If the issue arises and you want to argue against an advisory jury: Ask the court to honor the parties’ agreement if there is a contractual waiver.  There is value to ensuring predictability and honoring the parties’ contracts – especially in a breach of contract case. If the other side failed to timely demand a jury, then you may argue that the advisory jury should not be an end-run around the strict temporal requirements of Fed. R. Civ. P. 38. And regardless of the scenario, point out the extra work and inconvenience for the court associated with jury trials – only for the court to ultimately bear responsibility for findings of fact and conclusions of law.

If you want an advisory jury: Consider what (if anything) makes your case deserving of one. Is there a broader issue of injunctive relief on which an advisory jury can provide ideas or input to the court as opposed to recommending a mere “liable” or “not liable”-type verdict and a damages figure that the judge would need to determine on her own anyway?  If not, are there at least public policy implications or community-based standards presented in your case that you can cite and justify the participation of the public through an advisory jury (even if in the end the case boils down to a judge’s independent findings and the hope is a persuasive recommendation on damages that is more likely to come from a jury)?  Can you argue that this will force counsel to try the case most efficiently and engagingly – more lively, at least?

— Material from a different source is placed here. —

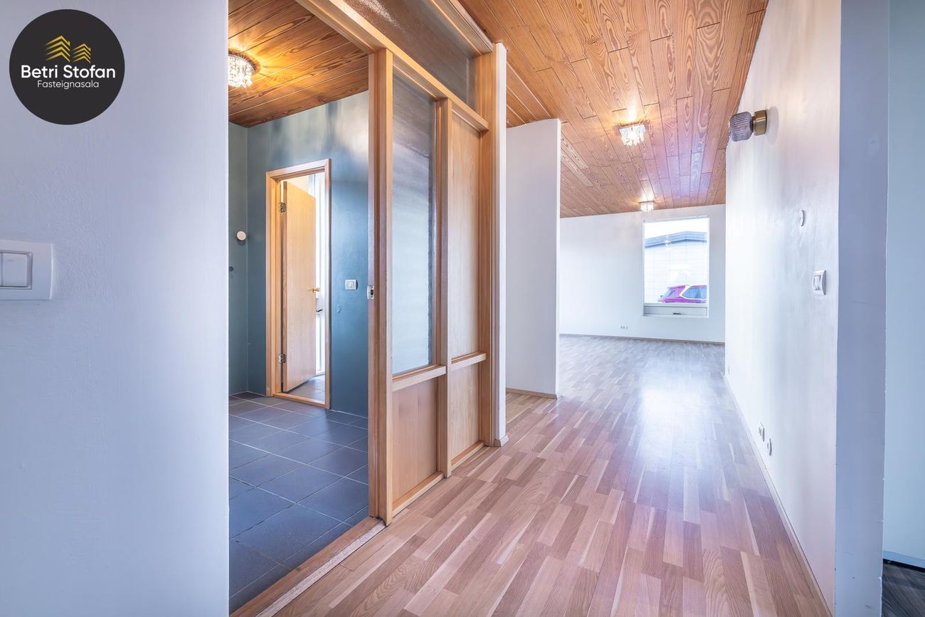 Steinsteypt, harðparket í flestum rýmum, flísar í baðherbergjum og forstofu.

These questions may never arise during your career as you may never face an advisory jury. But it does happen, and when it does, you will think of this article, smile, and thank us. 

1 State courts may have their own rules regarding advisory juries. The considerations discussed here may be equally applicable to a similar situation you may encounter in state court.

2 The court in Acusport also provided a more detailed summary of the history and purpose of advisory juries.